What this task involves:
The whole listing needs retyping exactly; keep the pictures out of it.

Material supplied:

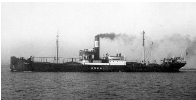
S/S Foxen som Askø.

Denna kväll passerade Ahlmarksångaren Foxen Pentland Sound, alltså väldigt nära Pajalas förlisningsplats, på resa från Garston vid Liverpool med kollast destinerat till Göteborg. Omkring klockan 20.45 på kvällen, cirka 85 nautiska mil från Pentland, inträffade en häftig explosion midskepps, då fartyget bröts i två delar och gick till botten. Det var den tyska ubåten U 57 som hade avlossat en torped mot Foxen . Hon var byggd 1920 som Patria i Stavanger med brutto 1 308, var så i dansk tjänst som Askø , men såldes senare till Ahlmarks rederi i Karlstad. Vid förlisningen kunde bara två jungmän ur besättningen räddas på var sin flotte.
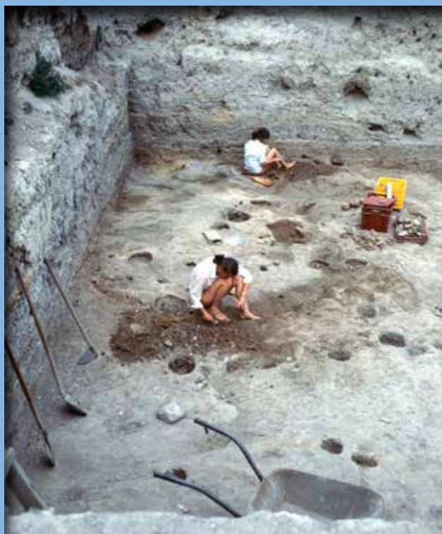
A 6. szint kézi bontása

Tűzvész nyomait azonban nemcsak a 2. szint feltárasakor tapasztaltuk. A 11 települési szint közül nyolc esetben a házak tűzben semmisültek meg. Mivel emberi maradványokat, elégett áldozatokat sem itt, sem más telleken nem találtunk, az időről időre fellángoló tüzet ezért nem véletlen balesetnek, hanem szándékos rituális cselekedetnek tekinthetjük.
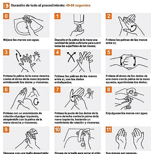
Imagen 1. Guía de ¿cómo lavarse las manos?
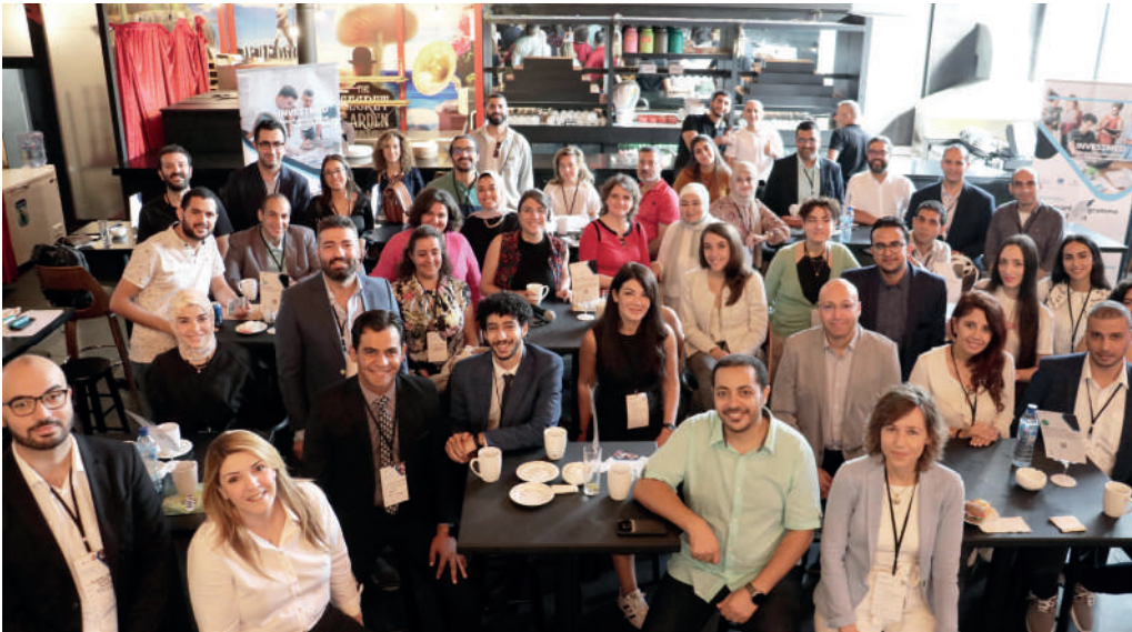
INVESTMED (photo de groupe)

D'ici 2030, le monde devra créer environ 600 millions d'emplois pour répondre à la croissance de la population active mondiale. Les PME, générant plus de la moitié de l'emploi mondial, et contribuant presque à hauteur de 40% du PIB dans les économies émergentes, selon les données de la Banque mondiale, occupent alors une place centrale dans l'agenda de nombreux gouvernements à travers la planète.
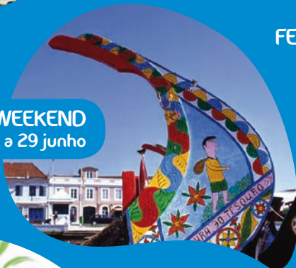
RIA DE AVEIRO WEEKEND 27 a 29 junho

Output below:
S/S Foxen som Askø.

Denna kväll passerade Ahlmarksångaren Foxen Pentland Sound, alltså väldigt nära Pajalas förlisningsplats, på resa från Garston vid Liverpool med kollast destinerat till Göteborg. Omkring klockan 20.45 på kvällen, cirka 85 nautiska mil från Pentland, inträffade en häftig explosion midskepps, då fartyget bröts i två delar och gick till botten. Det var den tyska ubåten U 57 som hade avlossat en torped mot Foxen . Hon var byggd 1920 som Patria i Stavanger med brutto 1 308, var så i dansk tjänst som Askø , men såldes senare till Ahlmarks rederi i Karlstad. Vid förlisningen kunde bara två jungmän ur besättningen räddas på var sin flotte.
A 6. szint kézi bontása

Tűzvész nyomait azonban nemcsak a 2. szint feltárasakor tapasztaltuk. A 11 települési szint közül nyolc esetben a házak tűzben semmisültek meg. Mivel emberi maradványokat, elégett áldozatokat sem itt, sem más telleken nem találtunk, az időről időre fellángoló tüzet ezért nem véletlen balesetnek, hanem szándékos rituális cselekedetnek tekinthetjük.
Imagen 1. Guía de ¿cómo lavarse las manos?
INVESTMED (photo de groupe)

D'ici 2030, le monde devra créer environ 600 millions d'emplois pour répondre à la croissance de la population active mondiale. Les PME, générant plus de la moitié de l'emploi mondial, et contribuant presque à hauteur de 40% du PIB dans les économies émergentes, selon les données de la Banque mondiale, occupent alors une place centrale dans l'agenda de nombreux gouvernements à travers la planète.
RIA DE AVEIRO WEEKEND 27 a 29 junho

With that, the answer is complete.